OK, let's break this graph down.
22% of these people "try to support good developers." OK, but what about the mediocre ones? This is something that I don't think people understand: most good developers were bad developers at one time or another. Not everyone has the talent to pull everything off right the first few times. Making a game is like any other skilled art form: it requires practice.
The mediocre developers today are the good developers of the future. Which these pirates are shafting by playing their games without paying for them. If you don't like their games, that's fine: don't play them.
43% will only buy the absolute best of the best, using whatever metric they so choose. These have the same problem as the above: it doesn't help anyone but the best of the best. I guess a game developer doesn't deserve money if a game isn't absolutely perfect.
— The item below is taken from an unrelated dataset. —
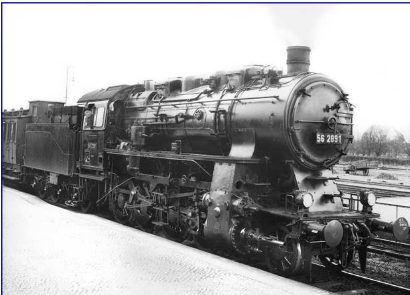
Bis weit in die dreißiger Jahre trugen Länderbahnmaschinen die Hauptlast des schweren Güterverkehrs. Teilweise wurden sie dafür durch nachträgliche Ausrüstung mit Vorlaufachsen ertüchtigt. 1935 absolvierte 56 2891 auf der Strecke Ludwigslust – Wittenberge Indusi-Erprobungsfahrten.

Diese Probleme führten schließlich zu einem Stimmungsumschwung, der die Baureihe 44 in ein neues Licht rückte. Im oberen Leistungs-

There have been so many games that I have enjoyed. But far fewer of them are what I would call "amazing". The majority of pirates are saying that they shouldn't have to pay for a game that is merely good; it must be "amazing" or fuck that game developer for not being utterly perfect in every way and innovating the genre.
Hell, I love SC2, but would I call it "amazing"? No; it is merely an example of a excellently executed RTS game, using standard RTS gaming conventions.
22% ARE THE REASON WHY WE DON'T HAVE LAN! They admit it themselves: they would steal the game, but they can't, because they can only get the full experience by buying it. That is 2,640 sales of SC2 that we can, by their own admission, say would not have been made if SC2 had LAN play.
LAN in SC2 now has a definite price tag: $158,400. Minimum.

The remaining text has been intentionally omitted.